**TASK INPUTS**:
________

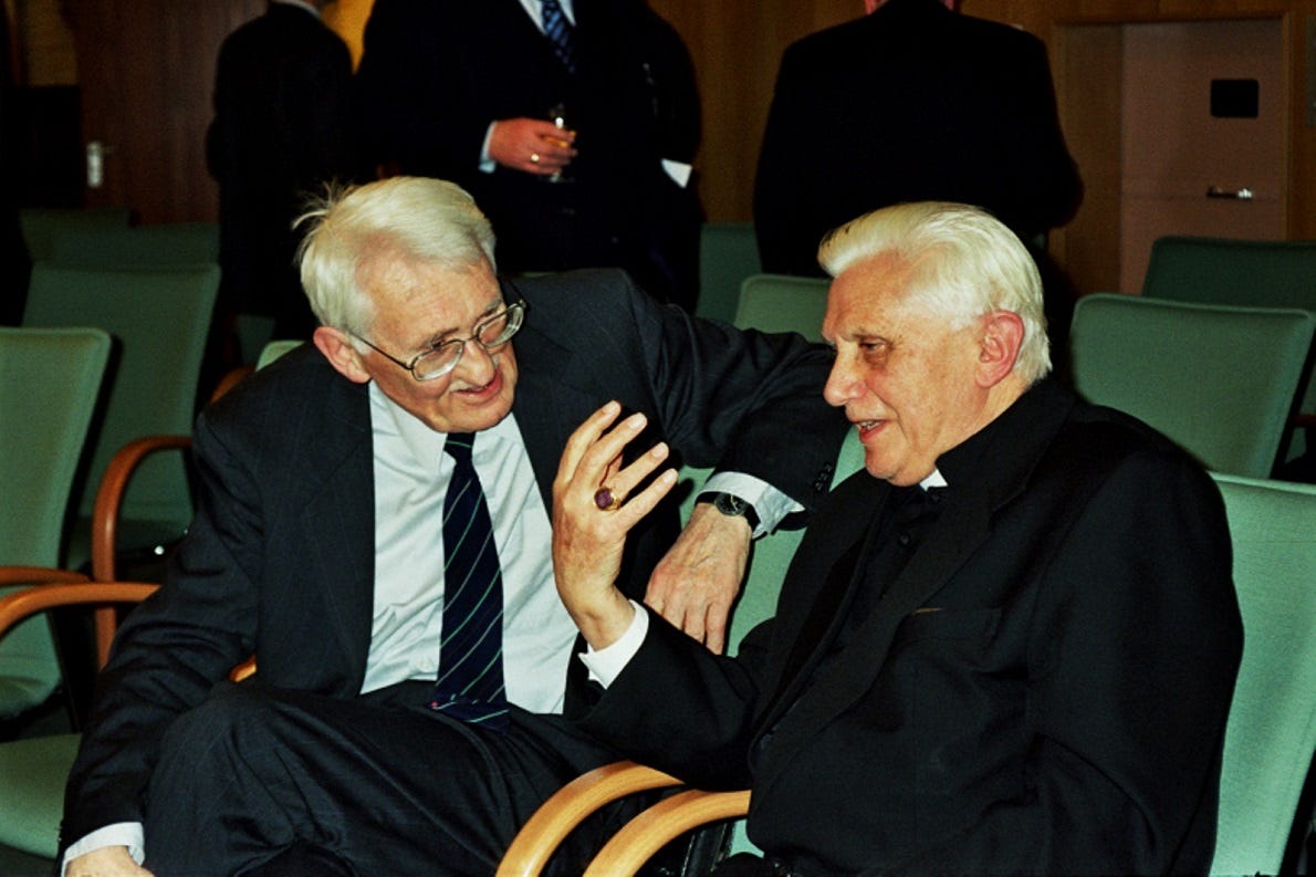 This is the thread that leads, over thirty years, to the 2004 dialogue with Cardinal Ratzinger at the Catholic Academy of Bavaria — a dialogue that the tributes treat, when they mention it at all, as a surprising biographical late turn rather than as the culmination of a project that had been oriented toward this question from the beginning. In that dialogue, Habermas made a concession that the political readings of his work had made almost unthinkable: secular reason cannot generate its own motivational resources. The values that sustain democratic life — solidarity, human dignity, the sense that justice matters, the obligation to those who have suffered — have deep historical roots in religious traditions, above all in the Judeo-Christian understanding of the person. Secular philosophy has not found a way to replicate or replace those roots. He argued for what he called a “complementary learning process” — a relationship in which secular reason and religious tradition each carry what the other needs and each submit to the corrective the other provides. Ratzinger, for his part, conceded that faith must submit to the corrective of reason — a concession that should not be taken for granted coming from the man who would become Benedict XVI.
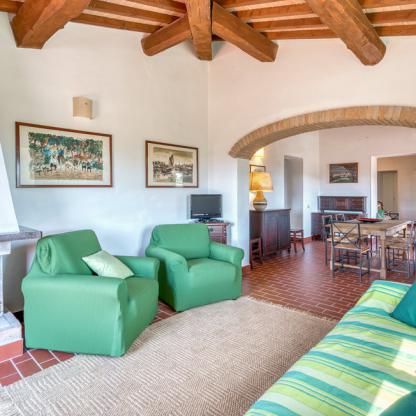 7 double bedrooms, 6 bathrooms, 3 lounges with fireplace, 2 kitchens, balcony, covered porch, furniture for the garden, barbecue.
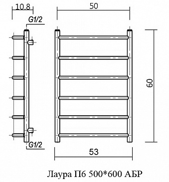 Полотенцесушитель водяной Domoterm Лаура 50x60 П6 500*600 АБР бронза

________

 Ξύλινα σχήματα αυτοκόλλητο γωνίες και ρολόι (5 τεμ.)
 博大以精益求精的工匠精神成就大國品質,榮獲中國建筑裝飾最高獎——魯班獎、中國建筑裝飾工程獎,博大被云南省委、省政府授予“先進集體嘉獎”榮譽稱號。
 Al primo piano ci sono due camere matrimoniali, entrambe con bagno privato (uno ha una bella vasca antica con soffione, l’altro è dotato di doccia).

________

**WHAT TO WORK ON**:
Copy only what lies between the line with "7 double bedrooms, 6" and the line with "Полотенцесушитель водяной Domoterm", those two lines included, exactly as given above; pictures stay out.

**RESPONSE TO THE TASK**:
 7 double bedrooms, 6 bathrooms, 3 lounges with fireplace, 2 kitchens, balcony, covered porch, furniture for the garden, barbecue.
 Полотенцесушитель водяной Domoterm Лаура 50x60 П6 500*600 АБР бронза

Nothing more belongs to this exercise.